● Activity
Repeat the data that follows exactly, starting at the line with "性能方面都是电动车差异不大,但顶配3秒级" and ending at the line with "2月17日,筆者走進(jìn", and leave out every picture.

● Excerpted data
..............................

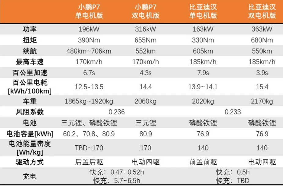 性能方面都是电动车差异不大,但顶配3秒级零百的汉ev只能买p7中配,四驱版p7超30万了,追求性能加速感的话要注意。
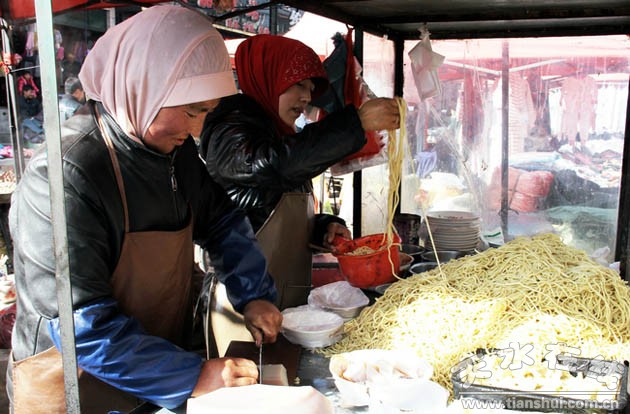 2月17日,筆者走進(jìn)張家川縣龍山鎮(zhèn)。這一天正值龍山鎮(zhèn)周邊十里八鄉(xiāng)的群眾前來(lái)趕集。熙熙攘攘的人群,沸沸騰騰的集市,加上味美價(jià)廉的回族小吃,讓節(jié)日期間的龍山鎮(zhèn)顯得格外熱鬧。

..............................

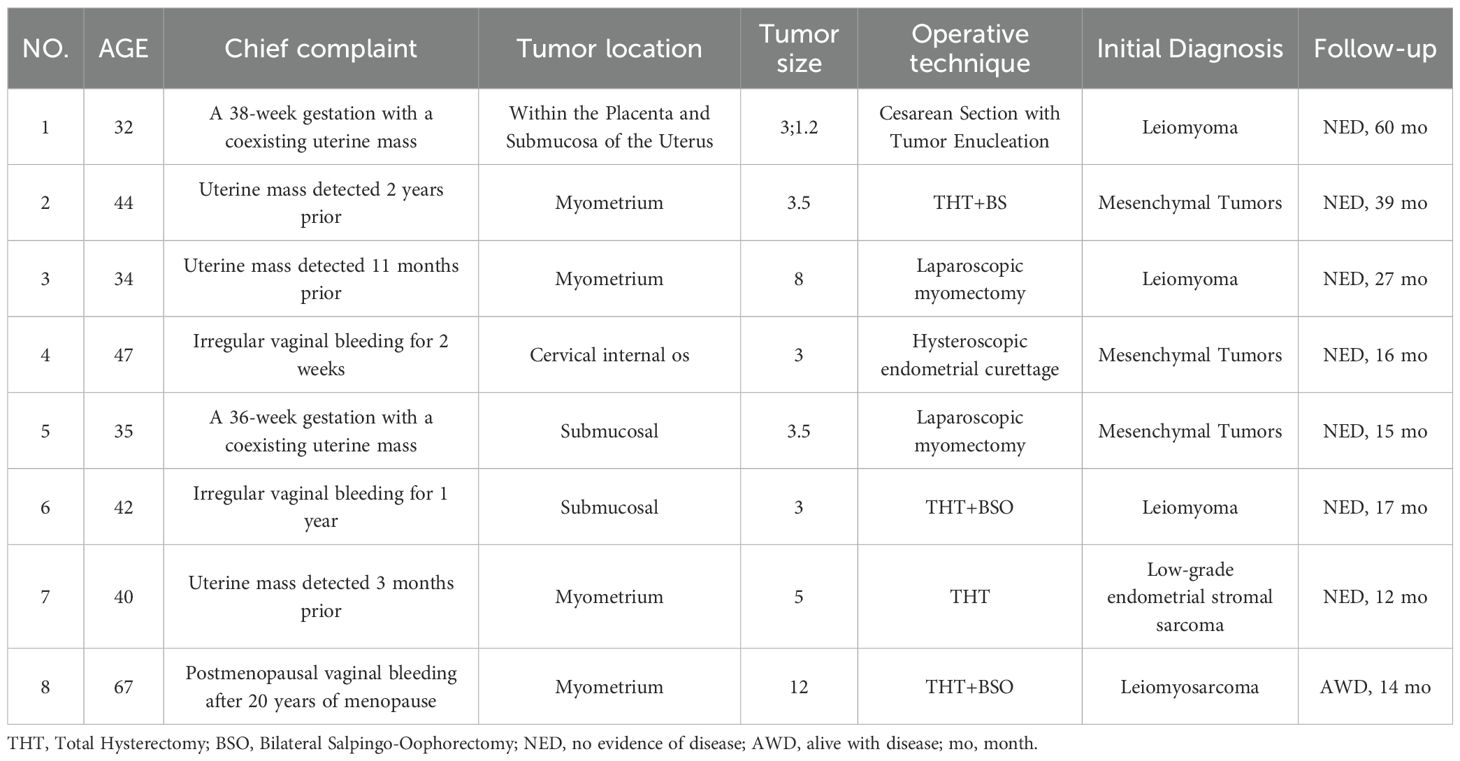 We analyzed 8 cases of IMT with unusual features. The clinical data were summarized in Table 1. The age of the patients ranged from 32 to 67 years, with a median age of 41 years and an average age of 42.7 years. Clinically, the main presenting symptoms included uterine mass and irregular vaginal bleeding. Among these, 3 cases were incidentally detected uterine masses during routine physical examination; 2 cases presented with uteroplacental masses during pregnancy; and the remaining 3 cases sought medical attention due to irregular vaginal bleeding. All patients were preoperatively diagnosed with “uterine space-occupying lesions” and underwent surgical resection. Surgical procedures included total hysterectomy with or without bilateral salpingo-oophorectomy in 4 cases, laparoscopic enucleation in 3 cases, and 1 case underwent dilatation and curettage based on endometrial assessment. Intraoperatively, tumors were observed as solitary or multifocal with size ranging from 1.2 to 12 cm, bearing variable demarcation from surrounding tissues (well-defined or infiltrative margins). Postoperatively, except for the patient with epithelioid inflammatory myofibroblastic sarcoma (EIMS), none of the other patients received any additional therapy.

..............................

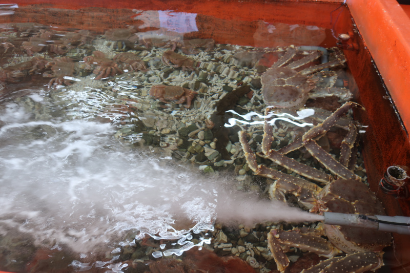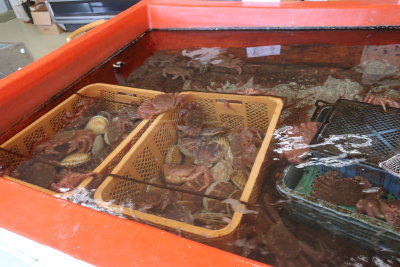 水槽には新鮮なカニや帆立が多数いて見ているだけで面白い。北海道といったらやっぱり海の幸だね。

..............................

● Reply to the exercise
 性能方面都是电动车差异不大,但顶配3秒级零百的汉ev只能买p7中配,四驱版p7超30万了,追求性能加速感的话要注意。
 2月17日,筆者走進(jìn)張家川縣龍山鎮(zhèn)。這一天正值龍山鎮(zhèn)周邊十里八鄉(xiāng)的群眾前來(lái)趕集。熙熙攘攘的人群,沸沸騰騰的集市,加上味美價(jià)廉的回族小吃,讓節(jié)日期間的龍山鎮(zhèn)顯得格外熱鬧。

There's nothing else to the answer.